These forward-looking statements involve known and unknown risks, uncertainties
and other important factors that could cause our actual results, performance or
achievements, or industry results, to differ materially from any predictions of
future results, performance or achievements that we express or imply in this Semi-Annual
Report or in the information incorporated by reference into this Semi-Annual
Report.
The forward-looking
statements included in this Semi-Annual Report are based upon our current
expectations, plans, estimates, assumptions and beliefs that involve numerous
risks and uncertainties. Assumptions relating to the foregoing involve
judgments with respect to, among other things, future economic, competitive and
market conditions and future business decisions, all of which are difficult or
impossible to predict accurately and many of which are beyond our control.

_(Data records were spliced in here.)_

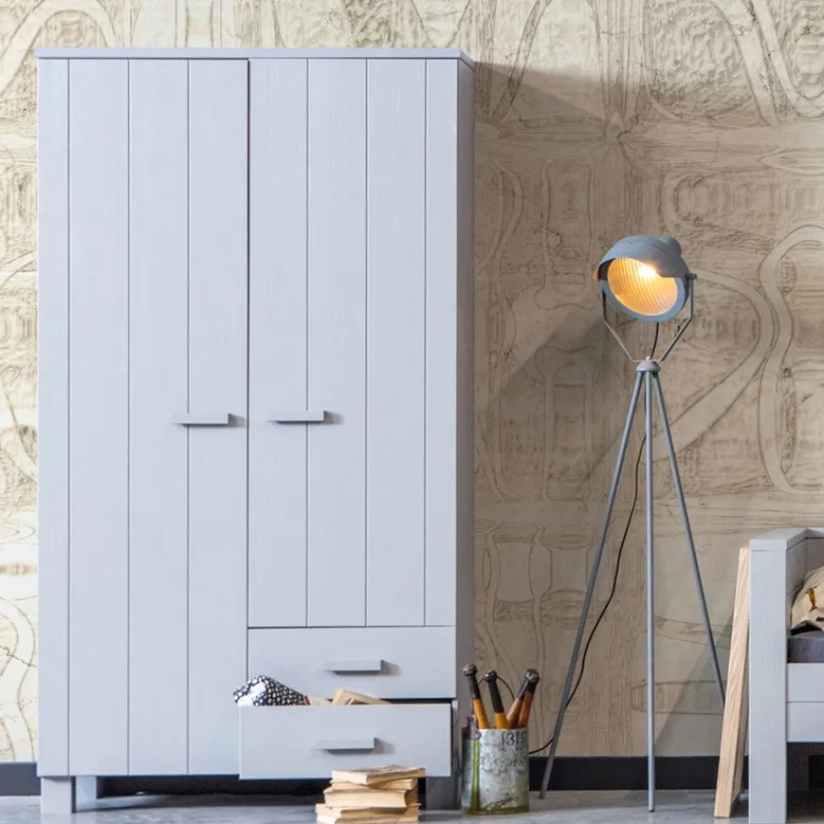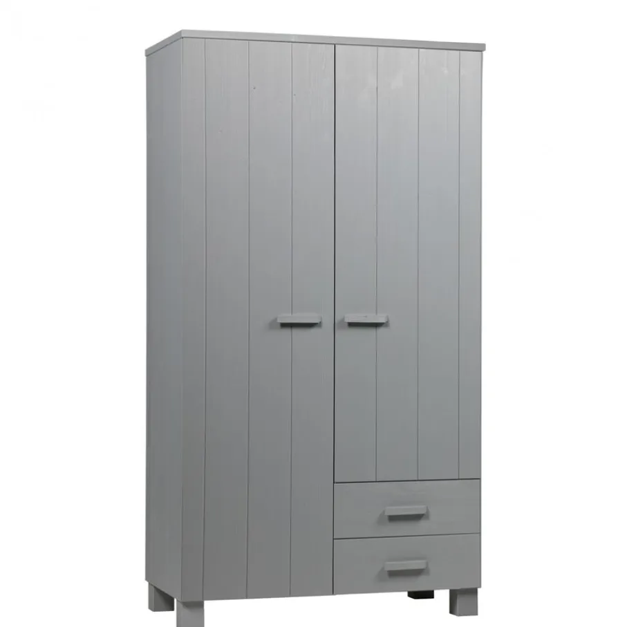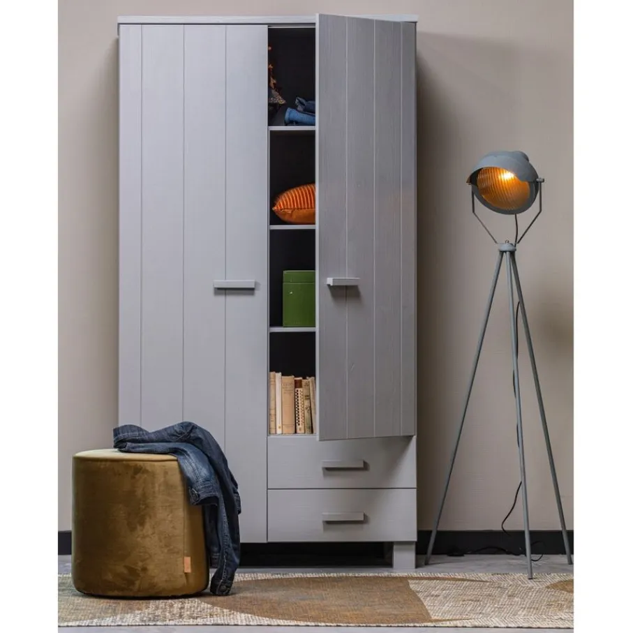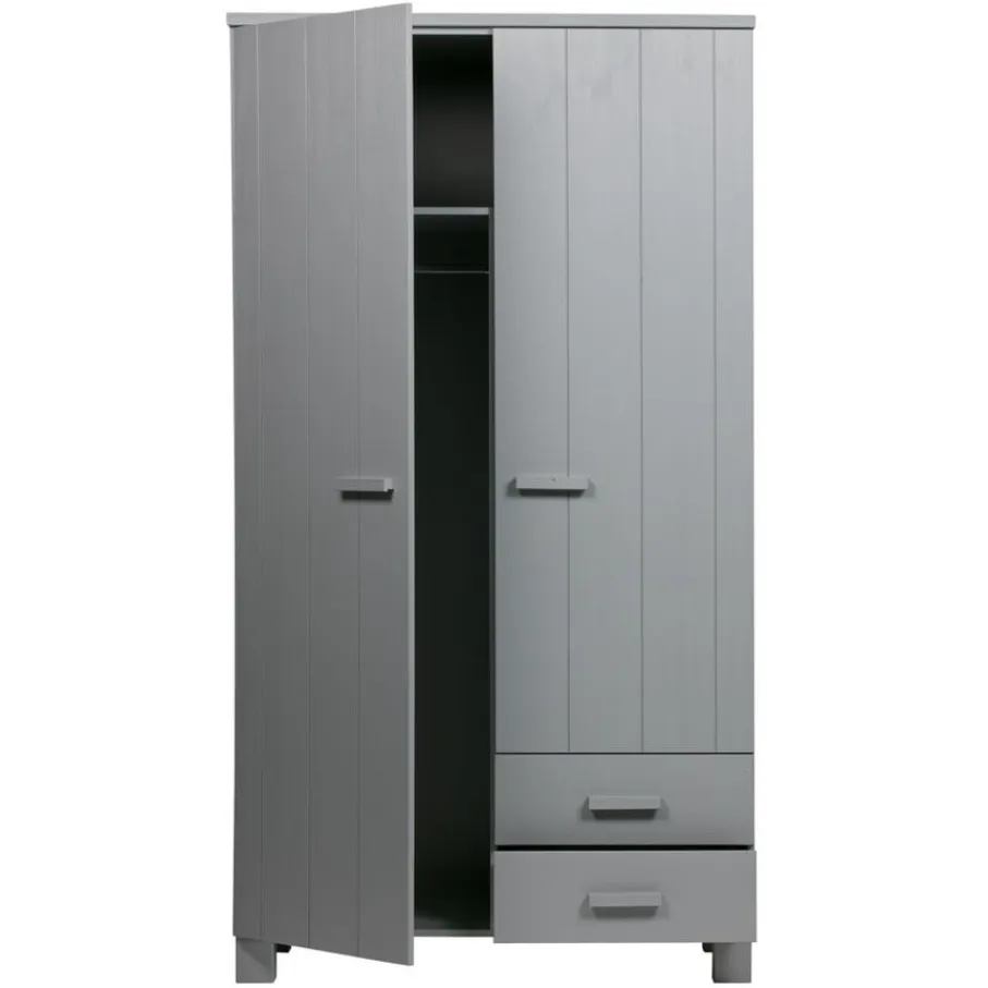 Kledingkast Dennis is, inclusief de handgrepen, gemaakt van grenen met een geborstelde afwerking. Hierdoor worden oneffenheden, kleine scheurtjes en knoesten extra zichtbaar. Allemaal kenmerken van doorleefd hout en dit maakt ieder exemplaar uniek!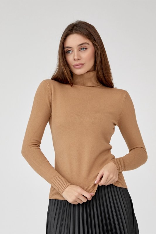 Трикотажный теплый гольф с круглой горловиной, высота вортника-стойки 15 см. Рукава втачные, длинные. По низу изделия и рукавов: манжет-резинка.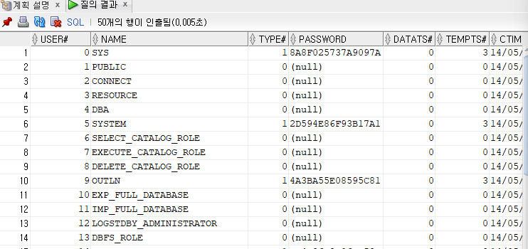 데이터 딕셔너리 테이블로 오라클이 오라클을 관리하기 위한테이블스페이스이다.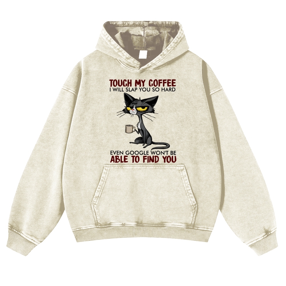Cat Drinking Coffee Touch My Coffee I Will Slap You Vintage Washed Hoodie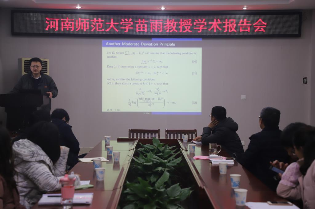 1月13日下午,应太阳集团城娱8722邀请,河南师范大学苗雨教授在学院学术报告厅作了题为“Some asymptotic properties LS estimators in EV model”的报告,报告会由太阳集团城娱8722副院长蔡礼明教授主持,太阳集团城娱8722党委书记王娟教授,数学研究所所长宋新宇教授,学院部分老师和研究生聆听了此次报告。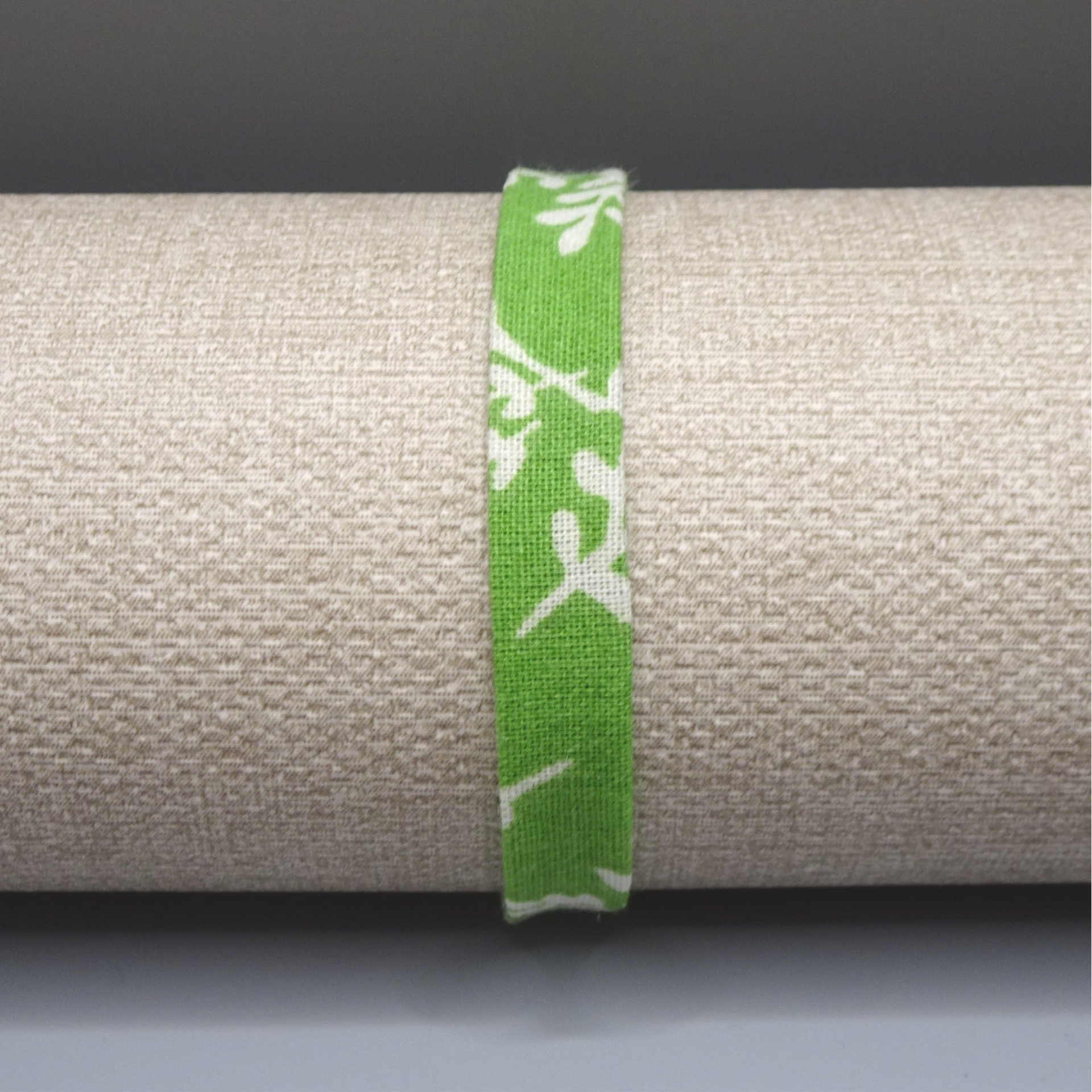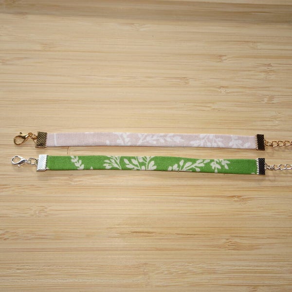 Bracelet en tissu vert qui arbore un motif de feuilles.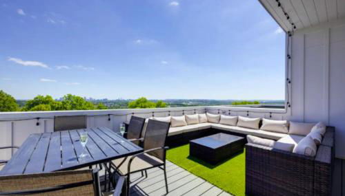 Die Unterkunft Luxury four-story Home with Rooftop views, 10min to Downtown! Sleeps 12! verfügt über Stadtblick und Übernachtungsmöglichkeiten mit einer Bar und einem Balkon, ungefähr 6,8 km von Parthenon entfernt.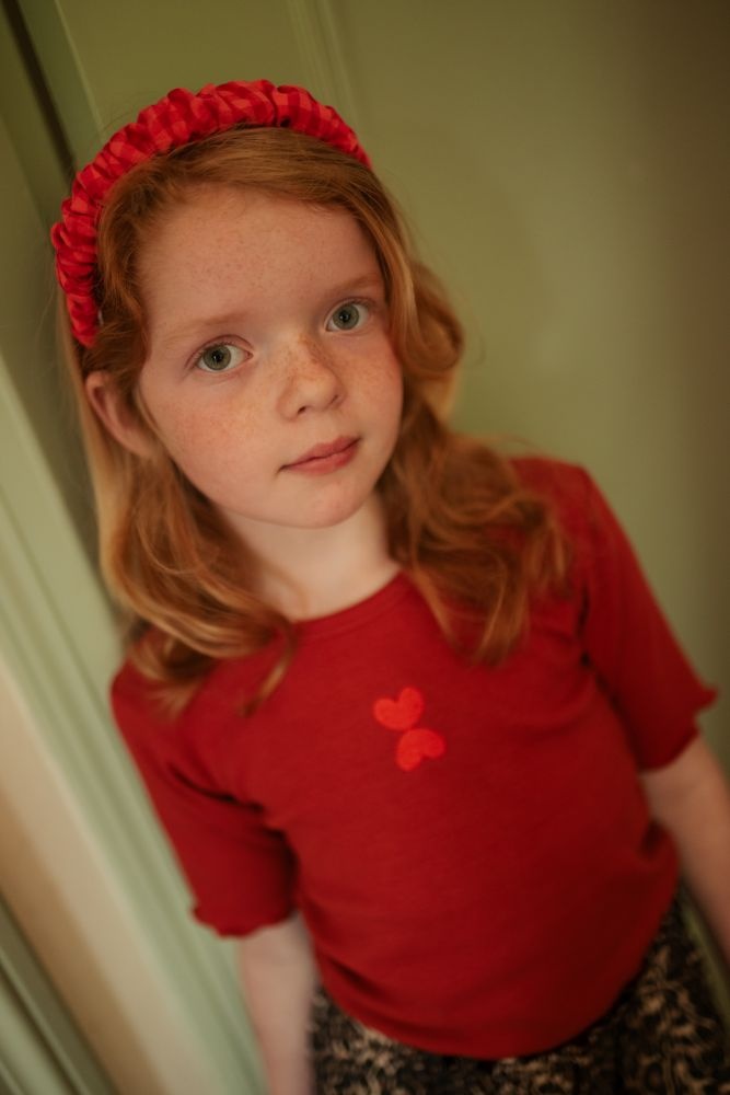 Deze rood / oranje geruite haarband van Petit Blush is een vrolijk accessoire met een speelse uitstraling. De haarband is gemaakt van zacht katoen en heeft een geplooid ontwerp dat comfortabel zit en goed op zijn plek blijft. Het ruitpatroon in warme tinten geeft een frisse, tijdloze look, terwijl het subtiele Petit Blush-label zorgt voor een herkenbaar detail. Deze haarband is makkelijk te combineren met zowel casual als feestelijke outfits en voegt net dat beetje extra toe aan elke look.

Although we believe that the expectations reflected in such forward-looking
statements are based on reasonable assumptions, our actual results and
performance could differ materially from those set forth in the forward-looking
statements. Factors which could have a material adverse effect on our
operations and future prospects include, but are not limited to:
- Our ability
to effectively deploy
the proceeds raised in our offering (the "Offering");
- ability to
attract and retain
members to the online investment platform located at www.energea.com (the
"Platform");
- risks associated with
breaches of
our data security;
- public health crises, pandemics and epidemics, such as those
caused by new strains of viruses such as H5N1 (avian flu), severe acute
respiratory syndrome (SARS) and, most recently, the novel coronavirus
(COVID-19);
- climate
change and natural
disasters that could adversely affect our Projects and our business;
- changes in
economic conditions
generally and the renewable energy and securities markets specifically;
- limited
ability to dispose of
assets because of the relative illiquidity of renewable energy Projects;
- our failure
to obtain necessary
outside financing;
- risks
associated with derivatives
or hedging activity;
- intense
competition in African renewable
energy markets that may limit our ability to attract or retain energy
offtakers;
- defaults on
Lease Agreements;
- increased
interest rates and
operating costs;
- the risk
associated with potential
breach or expiration of a ground lease, if any;
- our failure
to successfully
operate or maintain the Projects;
- exposure to
liability relating to
environmental and health and safety matters;
- Projects to
yield anticipated
results;
- our level of
debt and the terms
and limitations imposed on us by our debt agreements;
- our ability to
retain our
executive officers and other key personnel of our Manager;
- the ability
of our Manager to
source, originate and service our loans;
the ability
for our engineering,
procurement and construction contractors and equipment manufacturers to honor
their contracts including warranties and guarantees;
- or
regulatory changes impacting
our business or our assets (including changes to the laws governing the
taxation of corporations and Securities and Exchange Commission ("SEC")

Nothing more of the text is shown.